About this exercise
The pictures are to be left out when the listing below is reproduced word for word.

Source material

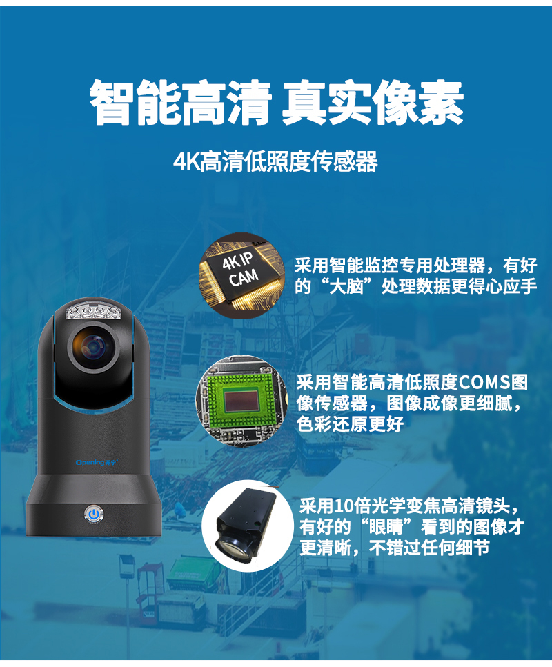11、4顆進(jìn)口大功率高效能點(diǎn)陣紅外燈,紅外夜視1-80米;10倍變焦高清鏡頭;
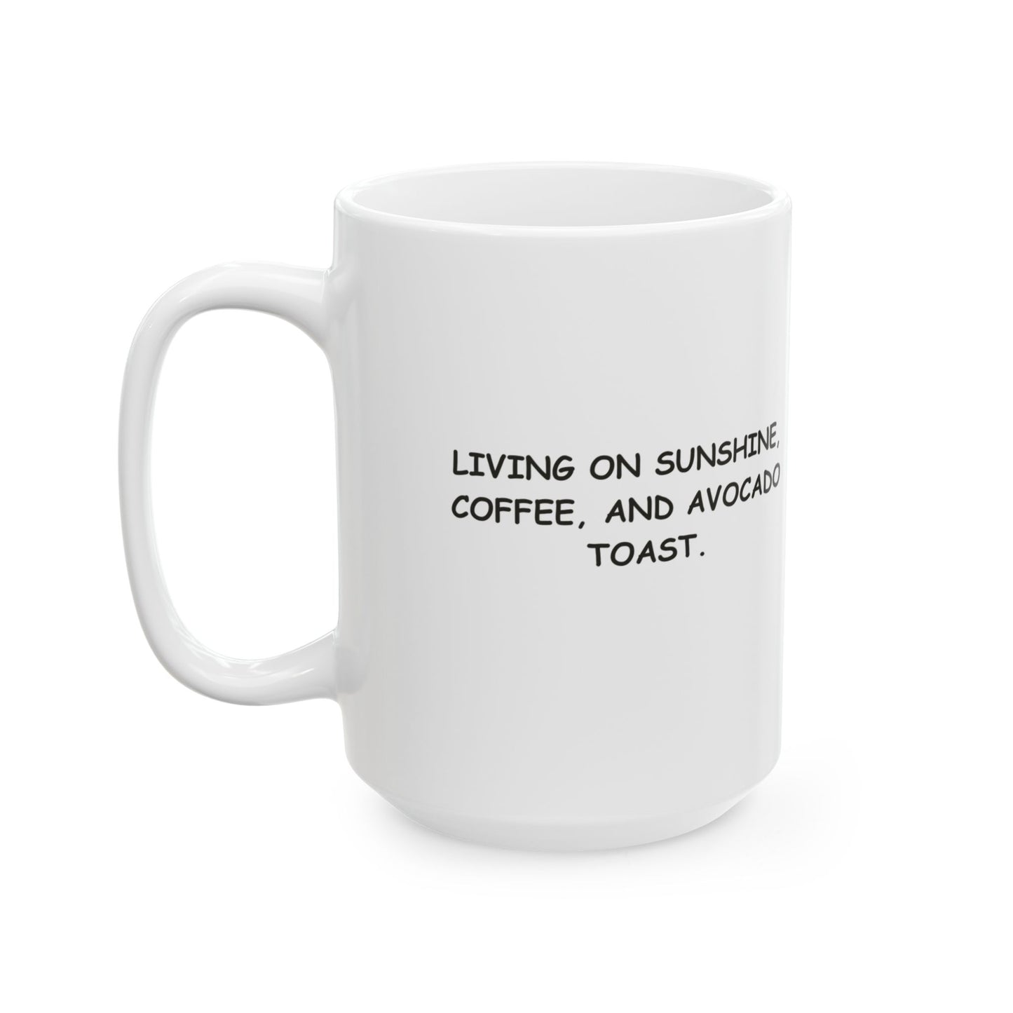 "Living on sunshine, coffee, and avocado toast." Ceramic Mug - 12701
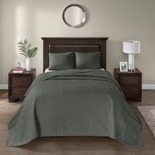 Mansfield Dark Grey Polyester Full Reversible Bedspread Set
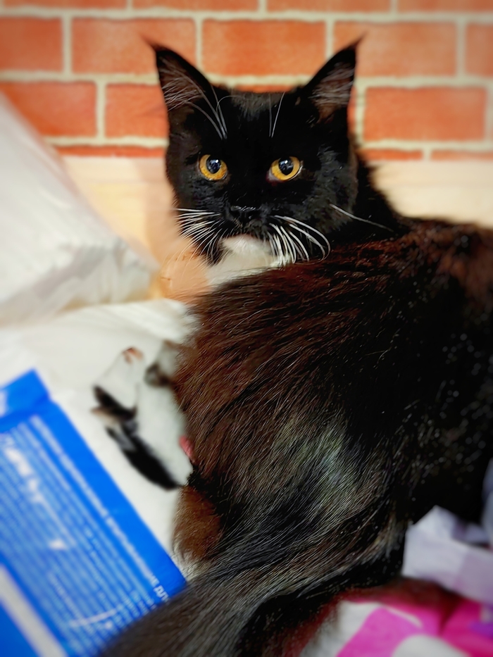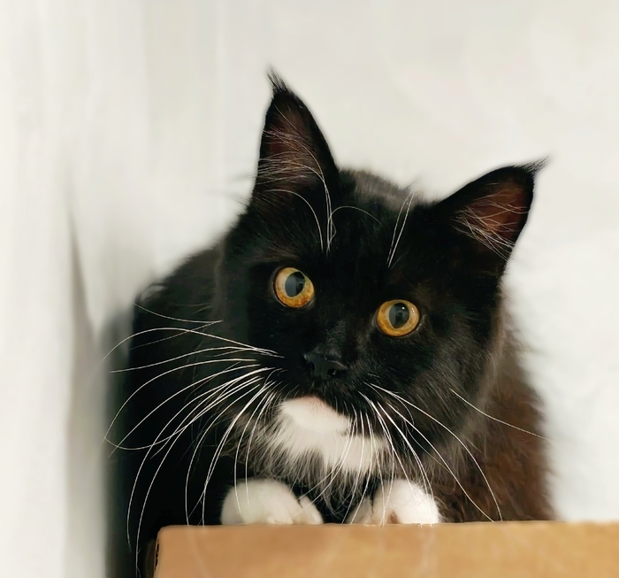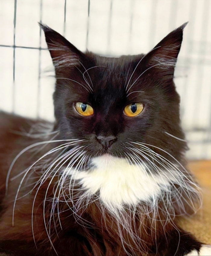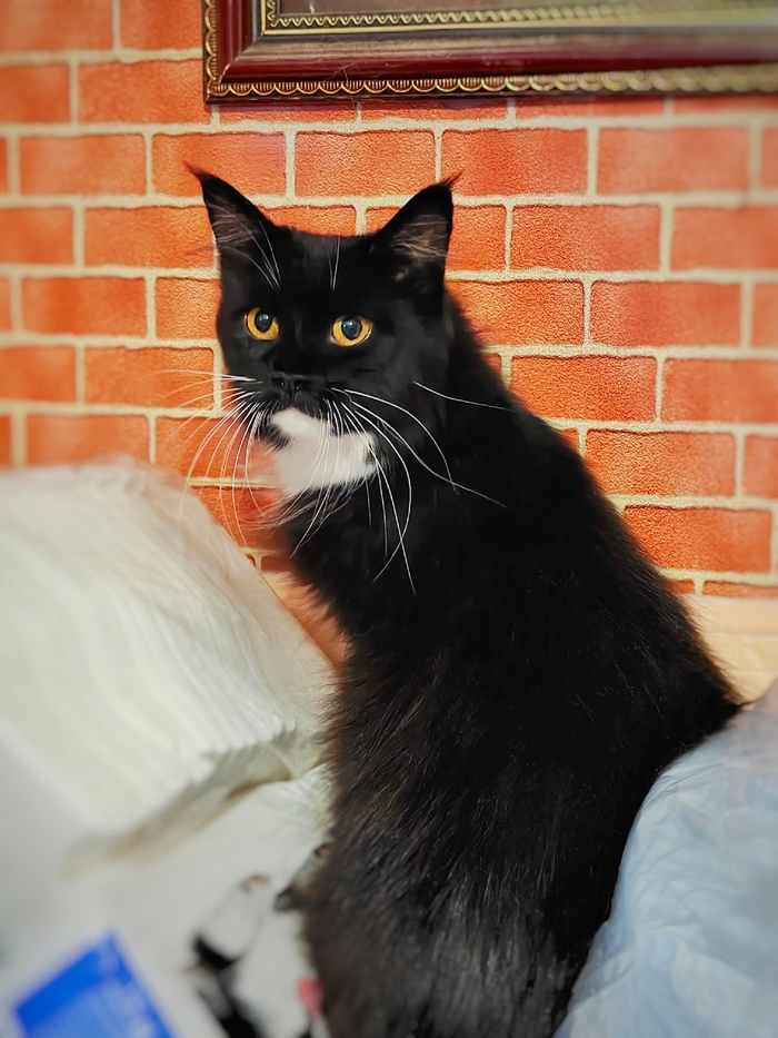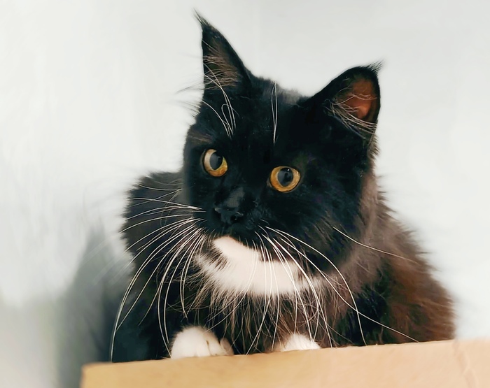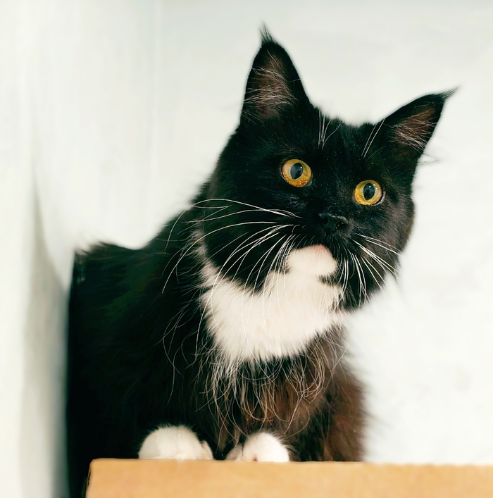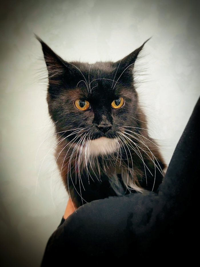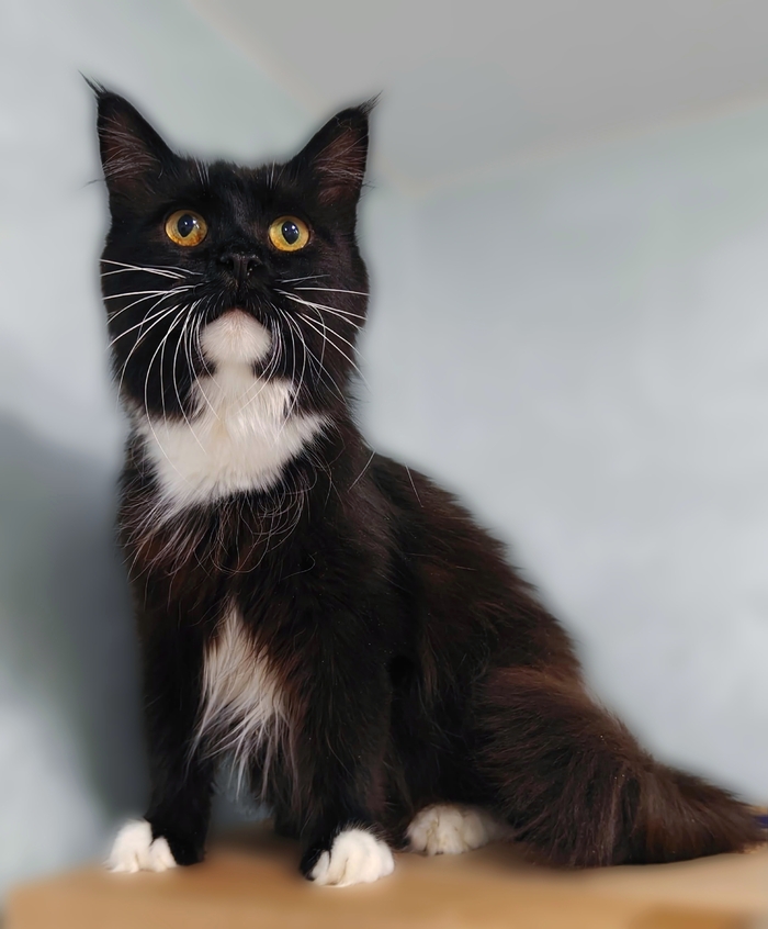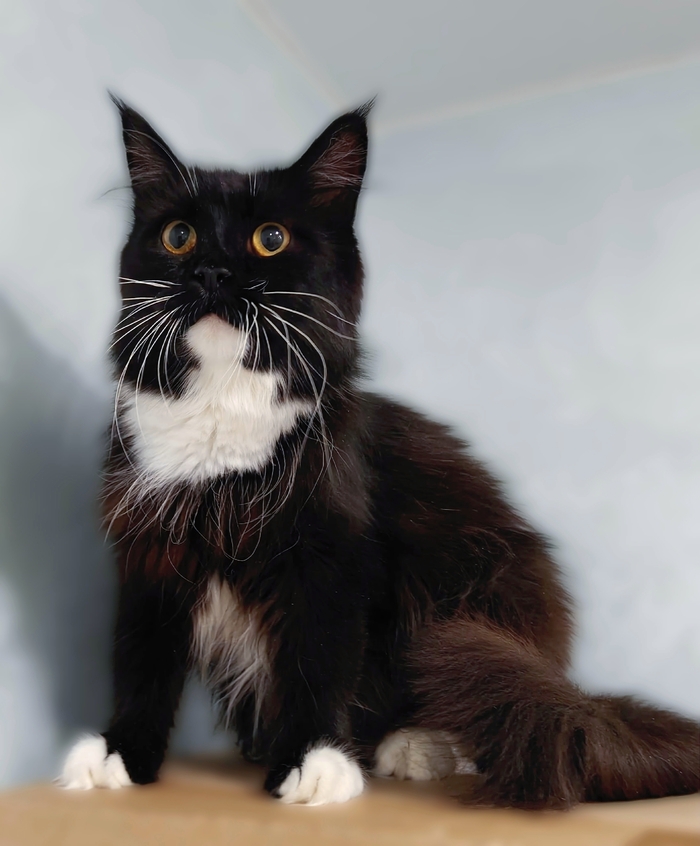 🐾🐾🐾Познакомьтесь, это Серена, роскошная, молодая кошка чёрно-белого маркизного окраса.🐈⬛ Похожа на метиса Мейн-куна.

Output below
11、4顆進(jìn)口大功率高效能點(diǎn)陣紅外燈,紅外夜視1-80米;10倍變焦高清鏡頭;
 "Living on sunshine, coffee, and avocado toast." Ceramic Mug - 12701
 Mansfield Dark Grey Polyester Full Reversible Bedspread Set
 🐾🐾🐾Познакомьтесь, это Серена, роскошная, молодая кошка чёрно-белого маркизного окраса.🐈⬛ Похожа на метиса Мейн-куна.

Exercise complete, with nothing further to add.